If you have a nozzle, then you need to calculate in water streaming and
water velocities in it and before it , etc.. and also the exit profile of the nozzle counts in,
only then you can calculate how high the water will rise.

So please calculate to have a good nozzle directly at sealevel= 0 Meter
and have a shuttle weight= 0 Kg and have for instance a shuttle volume
of 10 Liter = 10 Kg and have an area of 100 cm^2 surface area of the shuttle
at its top and also the same at the bottom and have the
shuttle started at 10 Meters deepth to go up.

So the shuttle is 1 Meter high and has 100 Liters of water  above it.
the main pipe will then have a diameter of 11,28 cm that is about 4,429 inches.

So how high will the water rise up after the nozzle output ?
Thanks.
Regards, Stefan.

[hartiberlin]

P.S: With the calculation of the hydrostatic pressure paradoxon
to my opinion, if you take any diameter 1 Meter high  exit tube instead
of the nozzle ,then the shuttle would be in equilibrium forces and would not
rise and stay in 10 Meters deepth.

[hartiberlin]

why do you think this will make the water go higher?  will you attach a pump to the nozzle?

Well, maybe if will use a small diameter  exit tube instead of a nozzle,
we might try to evacuate the upper water reservoir to 1/2 bar pressure,
before starting the experiment and see, if this needs less energy, than we
gain by sucking this way the water up maybe also a few meter more ?

I have to calculate this with the gas pressure laws and see, if this will
bring in any gain ?

[hartiberlin]

Well, I had another thought onto how to use the Hydrostatic paradoxon
not negatively as in the Gravity Mill but positively.

Well, if you look again at the Cartesian diver:







Then you can see, that the upper opening of the bottle,
where the blue cap is, is pretty small.
If we need now to pressure the bottle to sink the diver
we could just place  a weight onto the opening of the bottle at the water surface.
The smaller the opening of the bottle is, the smaller must be the weight to
get the same pressure inside the water as:

P= F / A and
F= mass x 9,81

So if we make the opening of the  bottle very small, say only 0.1 cm^2 we can use
a small weight to get a huge water pressure inside the water bottle.

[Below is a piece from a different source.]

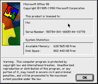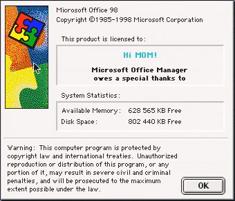 Les vieux sites font référence à Office Manager, mais ce n’est pas un programme très documenté. Après quelques recherches, je suis tombé sur ce que je cherchais : c’est un tableau de bord pour Mac OS qui permet de lancer les applications de Microsoft Office. J’ai d’abord tenté avec la version 9.0, distribuée en ligne en parallèle de Microsoft Office 2001, mais l’Easter Egg n’est dans cette version. Donc je suis passé sur la version de Microsoft Office 98. Elle est sur le CD-ROM d’installation, dans Office Custom Install -> Installer Files -> Microsoft Office Manager. Une fois dans le bon dossier et après un redémarrage, ça a fonctionné.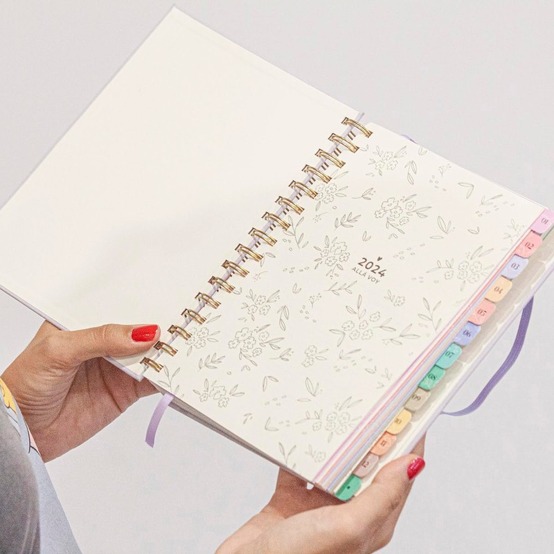 - Product size: 15.5 x 21 cm. Concealed outer lids with gold design and stamp. 192 inside pages 120g A5 with divider tape. Week to view Elastic band closure. Two sheets of coloured stickers. Inner pocket for storing anything you want. Also available in Powder Green and Black Night.

So if we want to sink and rise the diver, which is connected to a generator for output
generation, we only need to lift a small weight up and down a few Millimeters
and thus do for the input only a very small lifting work of the weight that puts
pressure onto the water.


With the Cartesian diver we just convert a STATIC Weight force
into a moving work force=
usefull energy-work output !

What do you think ?

Regards, Stefan,

[tbird]

hi guys,

in for lunch and had to ask.  did you guys lose sight of the fact the elsa is just a pump?